Whether you're building a little stash, heading back to work, or just giving your nipples a break, pumping can feel weirdly technical for something so natural. The good news: a few small adjustments make a big difference, and most of what feels "wrong" at first is completely normal.
When and how often to pump
There's no single right schedule — it depends on why you're pumping.
- To build or protect your supply (newborn weeks, or if baby isn't feeding well): aim to express around the times your baby would normally feed. In the early weeks that's often 8 or more times in 24 hours, including at least once overnight, when milk-making hormones are highest.
- To collect the odd bottle while breastfeeding is going well: a single short session, often in the morning when supply tends to be fullest, is usually plenty.
- To replace feeds when you're apart (work, study): pump roughly every time baby would have fed — for many that's every 3–4 hours.
Supply works on demand: the more often milk is removed, the more your body tends to make. Long gaps signal your body to make less.
Getting the flange fit right
The flange (the funnel-shaped piece against your breast) is the single biggest comfort factor — and the one most people never adjust.
A good fit means your nipple moves freely in the tunnel with only a little areola drawn in, and it should feel like a gentle, rhythmic tug — never a pinch, rub, or pain.
Signs the fit is off:
- Your nipple rubs the sides of the tunnel (flange too small)
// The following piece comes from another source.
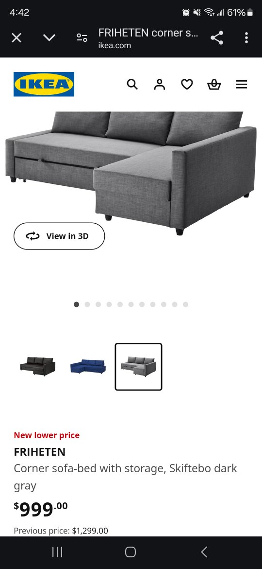 1 / 81 / 8Buy & SellIKEA FrihetenIKEA Friheten$349IKEA FRIHETEN Corner sofa-bed with storage Retails at $999 + tax Pet and smoke free home. great condition 9.5/10ConditionLike newWHERE TO MEETCheck LocationView MapSELLERverifiedStefanoBathurst Manor29427 reviews3 chats·4 favorites·55 viewsSEND CHAT TO SELLERHi Stefano! I’m interested in your listing.Hi Stefano! I’m interested in your listing.Get the Karrot app to chatSign In to chat

- Lots of areola gets pulled in, or the opening feels loose (flange too big)
- Pain, a white/blanched nipple after pumping, or sore, cracked skin
Flanges come in a range of sizes, and your two sides can genuinely differ. If pumping hurts, trying a different size is one of the first things to change. A lactation consultant or child-health nurse can help you measure.
Single vs double pumping
| Single | Double | |
|---|---|---|
| Time | Longer overall | Both sides at once — quicker |
| Output | Fine for one bottle | Often higher, with a bigger hormone response |
| Best for | Topping up one side, or hands-free comfort | Replacing feeds, building supply, busy schedules |
Neither is "better" — it's about your goal. If you're trying to maximise milk or save time (hello, working parents), double pumping is usually worth it. For a quick top-up or relief, single is completely fine.
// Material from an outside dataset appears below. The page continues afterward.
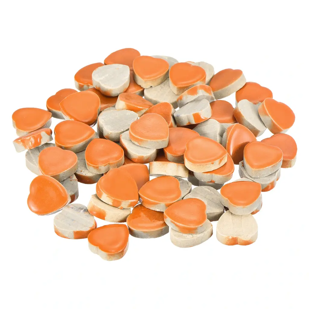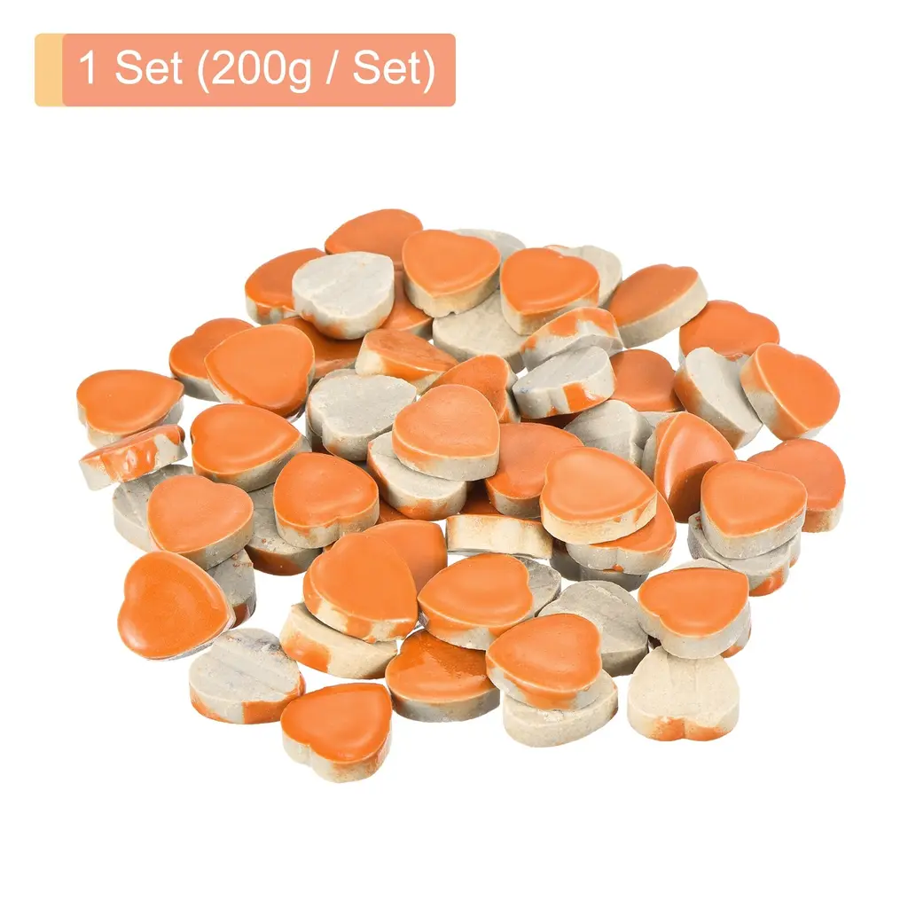 What is this?This product is a set of glazed mosaic tiles made of ceramic. These tiles have a smooth surface and come in vibrant colors, making them perfect for various craft projects. DIY mosaic Christmas arts and crafts, creating coasters, ceramic artwork, or outdoor decorations like mosaic stepping stones.What will I get?In the package of: 1 Set ceramic mosaic tiles,200g/Set, totally 200g( 0.44lbs)Material: Ceramic;Color: Orange;Shape: Heart;Size: 18 x 17mm / 0.7inch x 0.7inch (LxW)Thickness: 6mm;Finish Type: PolishedAre there any advantages of the product?The ceramic mosaic tile is made of premium-quality ceramic, ensuring durability and longevity. The smooth surface allows for easy application and provides a polished finish to your crafts and also makes them easy to clean and maintain, while their resistance to fading and moisture-proof makes them cost-effective and durable.How to use it?Prepare the surface by ensuring it's clean, dry, and flat. Apply suitable adhesive and press the mosaic tiles firmly in place. Leave the adhesive to dry for 24 hours before grouting the mosaic tiles. Finally, clean off any excess grout with a damp sponge.What should I notice?Handle the ceramic mosaic tiles with care to avoid any breakage from edges. Use adhesive suitable for ceramic materials to secure the tiles onto the desired surface. Consider grouting the gaps between tiles for a more finished and professional appearance.

Why your output varies (and why it's not your supply)
Please hear this at 2am: how much you pump is not how much milk you have. A baby's latch is far more effective than any machine. Lots of parents who make plenty of milk only pump small amounts — that's normal.
Output naturally varies with:
- Time of day (usually more in the morning)
- How recently baby fed
- Stress, tiredness, and let-down — feeling rushed can hold milk back
- Your pump and flange fit
Things that often help: a warm flannel, gentle breast massage, looking at a photo or video of your baby, and pumping somewhere you feel relaxed and private.
Staying comfortable
- Start on a lower suction and turn it up only to the highest setting that still feels comfortable — more suction doesn't mean more milk.
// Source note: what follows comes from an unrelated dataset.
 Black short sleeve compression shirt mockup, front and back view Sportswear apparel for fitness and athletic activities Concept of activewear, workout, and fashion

- Centre the flange so your nipple sits in the middle of the tunnel.
- Stop if you see pinching, blistering, or persistent pain — that's a signal to adjust, not push through.
- Keep all pump parts clean and dry between uses to protect your milk and your baby.
A note on guidance and storage
Major health bodies — the Australian Breastfeeding Association, the Raising Children Network, and the AAP — all support expressing as a normal, safe way to feed. Exact milk storage times differ slightly by region (for example, room-temperature and fridge guidance varies between AU and US sources). The ABA's storing expressed breastmilk page and the AAP's storing guidance both set out the specific times, and they don't match exactly — so follow your local source and, when in doubt, refrigerate sooner. Our milk storage guide goes into the details.
You're doing a real, generous thing for your baby — and getting comfortable with it takes a session or two. Be patient with yourself.